NHEMA Sues OTS

Prepayment & late fees at issue
By CHRISTY ROBINSON
12/24/2002

The National Home Equity Mortgage Association (NHEMA) sued a government agency Friday over new regulations affecting prepayment and late fee rules on mortgage loans.

Earlier this month, the U.S. Office of Thrift Supervision (OTS) granted NHEMA's request to push the implementation of the new rules from Jan. 1 to July 1. The subprime lending association said lenders were working frantically to meet the Jan. 1 implementation date, but many of them wouldn't have been able to meet it. Now NHEMA is hoping to have the new rules eliminated all together.

The OTS announced in late September that those rules will be removed from the list of agency regulations that apply to state housing creditors under the Alternative Mortgage Transaction Parity Act.

"NHEMA believes that these regulations are bad for the consumers [that] the mortgage lending industry serves," said Maury Shevin, general counsel of the subprime lending association. "They would effectively eliminate options available to borrowers now that lower interest rates make mortgages more affordable."

Shevin said NHEMA's goal is for the court to rule that the OTS acted beyond its authority in adopting the regulations.

By creating separate regulatory systems for state-chartered and federally-chartered institutions, the OTS rules would reduce competition among lenders and raise mortgage costs, Shevin said.

Prepayment and late fee options have been regulated by the federal government until now, and major regional and national lenders have been working under the single set of federal regulations. This system has maintained a "level playing field" among banks and lending institutions chartered by the federal government, NHEMA said.
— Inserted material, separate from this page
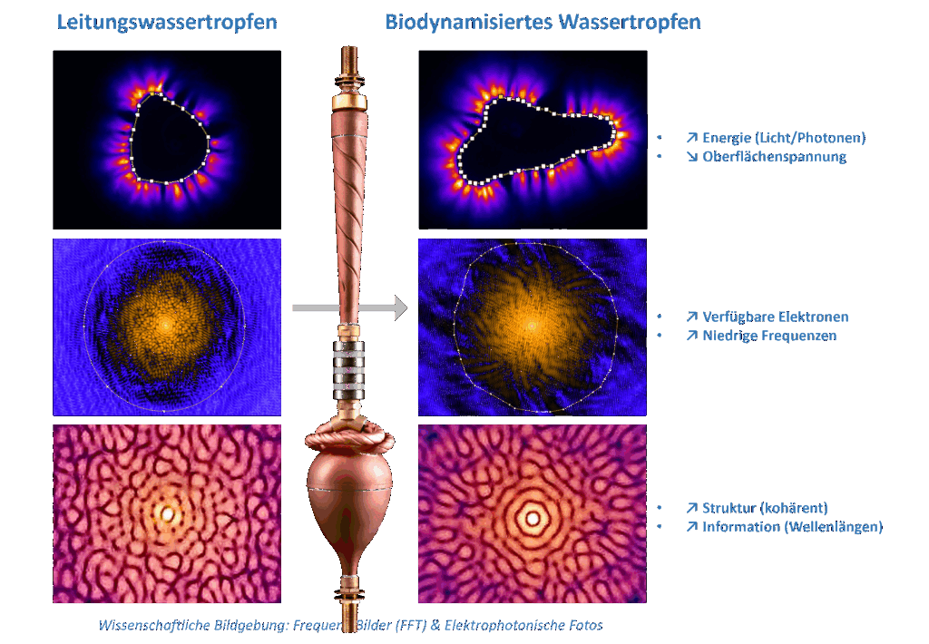 Dies bestätigt die Ergebnisse der Elektrophotonischen Analyse und bestätigt die Vorteile der Wasserbiodynamisierung mit dem Biodynamizer in Bezug auf:

Many borrowers may lose access to those options if state-chartered lenders must comply with different regulations in each jurisdiction where they do business, the announcement said. It could lead to an increase of 25 to 80 bps in the average loan interest rate for all consumers.

When the OTS announced the regulation changes in September, OTS director James E. Gilleran said the agency had reviewed how the parity rules affected state housing creditors' ability to make alternative mortgages.

"[The] OTS determined that the provisions dealing with prepayment penalties and late fees were not essential to making alternative mortgages," he said. "Therefore, it is not necessary to continue to identify these provisions as applying to these loans."

In doing this, NHEMA's Shevin said the OTS clearly exceeded its legal authority under the Parity Act.

"Its actions risk hurting the borrowers and the vibrant, competitive mortgage lending market that the OTS is charged with protecting."

The Parity Act, passed in 1982, grants state-chartered housing creditors equality with federally-chartered lenders when making alternative mortgages, such as adjustable rate mortgages loans, by permitting them to follow OTS rules.

The OTS, run by the U.S. Department of the Treasury, regulates all federally chartered and many state-chartered thrift institutions, which include savings banks and savings and loan associations.

Not subject to the Parity Act, federally chartered thrifts are supervised by OTS and would continue to follow OTS rules.

NHEMA sued the OTS on Friday in the District of Columbia's U.S. district court. The case has been assigned to Judge Gladys Kessler.